Testing of Y-STR and Y-SNP markers

Genomic DNA was extracted from white blood cell lysate solutions using the inorganic salting out protocol (Seielstad et al. 1999). The samples were quantified using the ABI 7500 Real-time PCR System (Life Technologies, Foster City, CA, USA). DNA was amplified using the PowerPlex Y23 amplification kit including 23 Y-STR loci according to the manufacturer’s instructions. Fragment sizes and allele designations were determined using a Genetic Analyzer ABI3130 (Applied Biosystems, Foster City, CA, USA) and GeneMapper ID-X v.1.2 software.

When testing Y-SNP markers, amplifications of 3–5 ng genomic DNA were performed in ABI 7500 and GeneAmp 9700 thermal cyclers, with TaqMan probes using the programs designed by ABI. The relative degree of fluorescence of the PCR products was analysed on an ABI 7500 Real-time PCR System using its SDS software, as was described in the ABI manufacturer’s manual.
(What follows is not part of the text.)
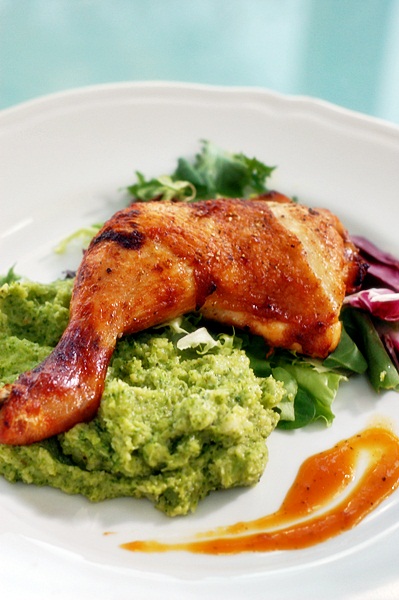 udo indycze marynowane w pomarańczach z puree z brokułów
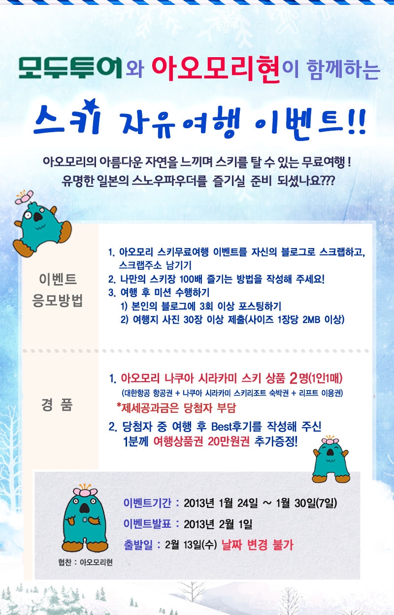 당첨자 발표는 2월 1일 예정이며 당첨된 2명에게 아오모리 나쿠아 시라카미 스키 상품을 제공한다. 상품에는 대한항공 항공권과 나쿠아 시라카미 스키리조트 숙박권, 그리고 리프트 이용권까지 모두 포함되어 있어 그 외 개인 경비만 준비하면 된다. 여행 후에는 간단한 미션을 수행해야 한다. 블로그 포스팅 3회와 여행지 사진 30장 제출이 미션이다.

A complete list of primers and TaqMan assays for SNP markers has been described elsewhere (Pamjav et al. 2017). The nomenclature of haplogroups followed the ISOGG 2014 Y-DNA haplogroup tree due to recent and new additions to the tree that had been uncovered by YCC (Karafet et al. 2008).

Phylogenetic study

Haplotype and haplogroup frequencies and their diversity values were calculated according to the previously described method (Nei 1973). To examine the STR variations within the haplogroups, relational Median-Joining (MJ) networks were constructed using the Network 5.0.0.0 program (Bandelt et al. 1999). Data of 10 STR loci, including DYS19, DYS389I, DYS389II, DYS390, DYS391, DYS392, DYS393, DYS437, DYS438 and DYS439, were included in this network analysis. Repeats of the DYS389I locus were subtracted from the DYS389II locus according to common practice. Within the network program, the rho statistic was used to estimate the time to the most recent common ancestor (TMRCA) of haplotypes within the haplogroups (Bandelt et al. 1999). We used a STR mutation rate of 6.9 × 10−4/locus/25 years, as was described by Zhivotovsky et al. (2004).

Genetic relationships

Pairwise Fst genetic distances were calculated based on haplogroup frequencies using Arlequin 3.5 software (Excoffier and Lischer 2010). In addition, 27 published populations (Online Resource 1, ESM_1), who were made up of various linguistic families that shared geographic and historical features with the group being studied, were selected for comparison (Hammer et al. 2006; Zhong et al. 2010; Kim et al. 2011; Brunelli et al. 2017). For these purposes, haplogroups were combined into the following groups; ABDF*, C, E, G, H, I, J, K*, L, N, O, Q, R, and T, so that the published sources could be used for the basis of comparison.

Y-STR-based pairwise Rst-genetic distances were computed from haplotype frequencies using the online AMOVA program available on YHRD.org (release 60) (Willuweit and Roewer 2015). Y-STR haplotype data of 23 populations that had been genotyped with PowerPlex Y23 and submitted to the YHRD database (Online Resource 2, ESM_2) were integrated into this analysis. Kruskal’s non-metric multidimensional scaling (MDS) plots, based on the genetic distance matrix, were constructed with the XLSTAT 6.502 trial version (Addinsoft Inc. NY, USA). Hierarchical genetic variances of the groups of the studied populations according to their linguistic families were investigated using the AMOVA method as implemented with Arlequin 3.5 software (Excoffier and Lischer 2010).

Results

Genetic diversity and haplogroup distribution

The results of the haplotypes of the 23 Y-STR loci and haplogroups of 227 males are available at the Online Resource 3 (ESM_3). One hundred and ninety-eight distinct Y-STR haplotypes were observed. Among them, 197 types were unique to each population, whereas one haplotype was shared by the Skaw and Pwo populations. Of the 197 unique haplotypes, 19 were shared by two or more individuals within populations, whereas the remaining 178 haplotypes were only observed in one individual. Both haplotype diversity (h) and the mean number of pairwise differences (MPD) were found to be the lowest in the Lawa population (0.909 ± 0.080 and 9.030 ± 4.475, respectively), while the highest values were observed in the Shan population (1.000 ± 0.034 and 16.197 ± 7.774, respectively) (Table 1). The overall haplotype diversity for the 8 populations was 0.9984 ± 0.0007. However, the average haplotype diversity of the populations who belonged to the Tai-Kadai (0.9989 ± 0.0011) and the Sino-Tibetan (0.9940 ± 0.0056) linguistic families were relatively higher than those of the Austroasiatic (0.9659 ± 0.0150) group.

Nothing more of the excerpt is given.